4 Responses to “Fandom is doomed”

  1. 1 Niles February 1, 2009 at 12:38 am

    I don’t think that an effective counterargument can be mounted, although I would call the fanbase lethargic rather than “doomed”. Perhaps the creative energy is going somewhere else like blogs and Youtube skits and into areas that aren’t easily identified or related to anime.

    I’ve seen complaints like this before- there are a number of possible explanations (lack of tradition, too many distractions, stunted development caused by overstroking of egos by peer groups, and resistance to collaboration and criticism.)

    What interests me is not the low volume of skilled works from the American fanbase, it’s the high volume in Japan- I still haven’t come up with an explanation that satisfies myself.

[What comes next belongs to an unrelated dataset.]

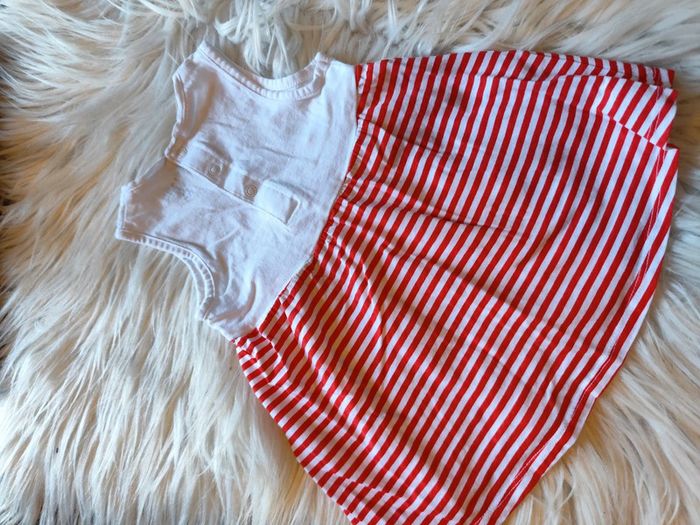 Robe blanche marinière rouge "maman d'amour" ⚠️⚠️certains articles à 1€ sont gratuits car défauts ou marques d'usure, à intégrer dans un lot⚠️⚠️ #malvy149mois
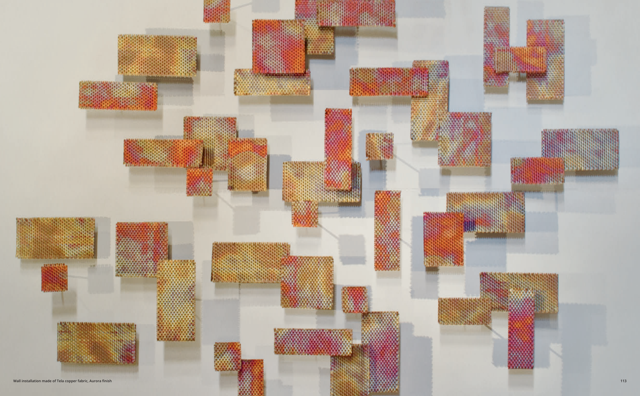 Wall installation made of Tela copper fabric, Aurora finish

  2. 2 Mike February 3, 2009 at 5:10 am

    Heh, I’ve actually been thinking about this same topic for a while now. After going back to the “old haunt” a few times and still lurking on their forums, it’s a curious and still interesting subject, though as you might expect, I don’t really have much insight to add to yours. Still, I’ll continue pondering about what will happen to the place (and other places) in the relatively near future. I’ll let you know if I have a revelation. (No way.)

  3. 3 Vendredi February 5, 2009 at 1:10 am

    Have to agree that the fandom seems fairly doomed. I think there’s two big points that contribute to this:

    1. Animation is (even today, with the technology available) a very time-intensive and tedious medium. Self-consumption might be easier given other media – anyone can pen fanfic, or hold a camera, with varying levels of quality. Animation by contrast is hard work that requires a very high level of control and a lot of input before you see anything approaching quality.
    Computer animation on the other hand might be a little easier and more doable, but anyone with proficiency in that is more likely to get a career rather than spend their time on fan-work…

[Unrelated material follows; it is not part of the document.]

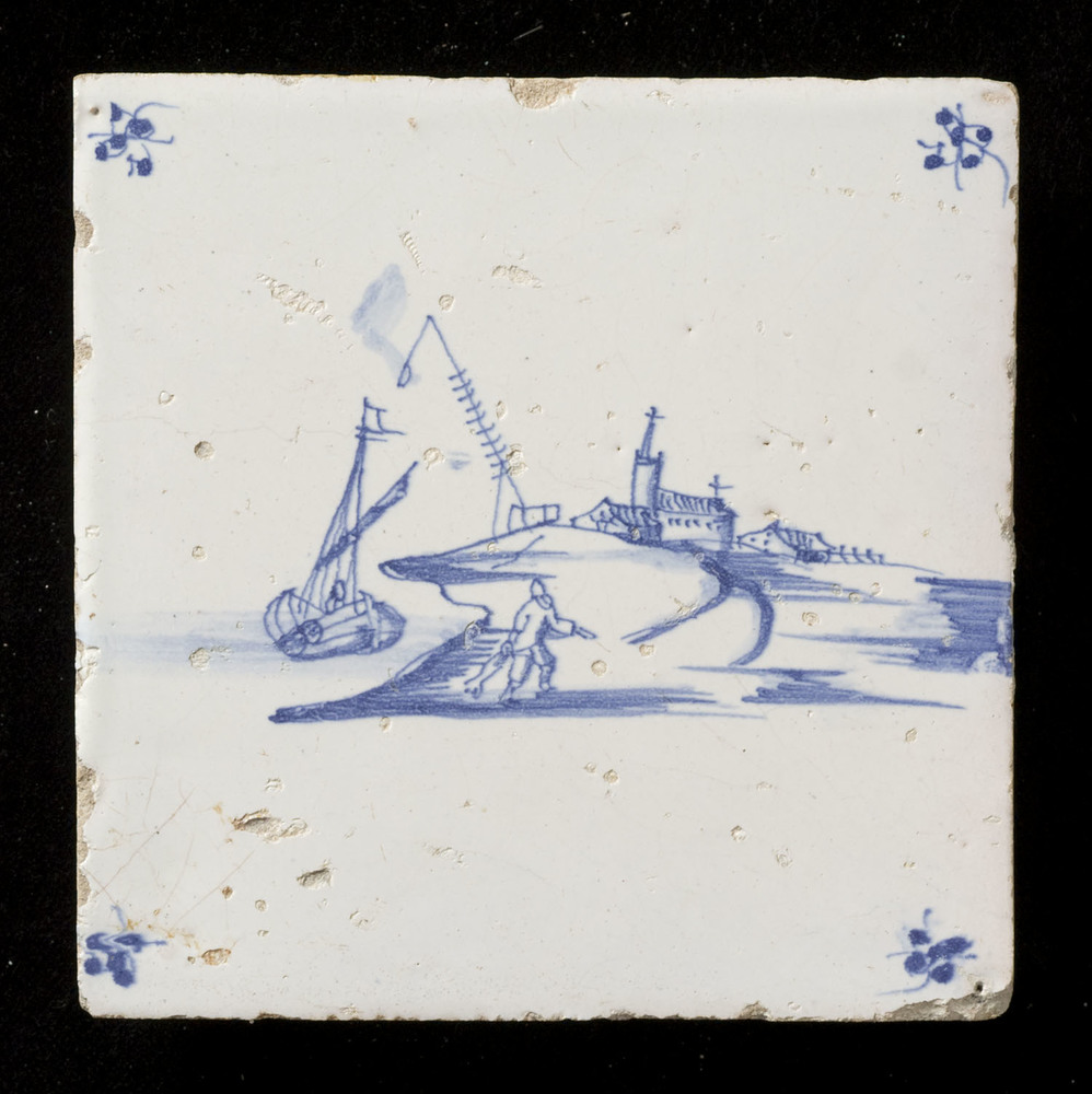 Tegel van keramiek, tinglazuur, voorstellende een la...

    2. As for the high volume of quality production in Japan vs. low volume in America, I would say the answer is simple – Japan has anime, America doesn’t.
    Okay, so it’s a bit more complex than that. But I think there is a bigger difference in terms of exposure – anime is still not exactly a widespread thing in the U.S.A. It’s not necessarily a mainstream thing in Japan either, but the entire popular art aesthetic in Japan is influenced by it. And I think being surrounded and steeped in that sort of aesthetic has some effect.
    Due to the higher rate of exposure, we then have a higher ratio of obsessive types that can be generated. It’s not the casual anime fan in America or Japan that starts the doujin work, it’s the hardcore one. The average fan provides the market. At this point, America – or the West, in general, is just not saturated enough to have enough of those die-hards.

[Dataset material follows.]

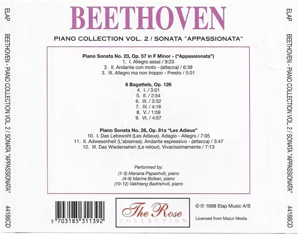 | Titolo | Piano Collection Vol. 2 / Sonata "Appassionata" |

    Note too, that if we consider the whole spectrum of fan-work, not just from anime, then I think there can be some Western examples of fairly well done fan-work. Distinctly European and American franchises such as Warhammer 40 000 and Battletech draw all sorts of fan-made movies and animations, and some of them approach near professional quality with full costumes, props, lighting, CGI animation and application of post-production techniques.
    As with anime, these franchises are the sort that draw in die-hard fans – and those are the ones who start projects.

  4. 4 moritheil September 12, 2009 at 10:25 pm

    Most processes are difficult to force, cajole, or otherwise manipulate.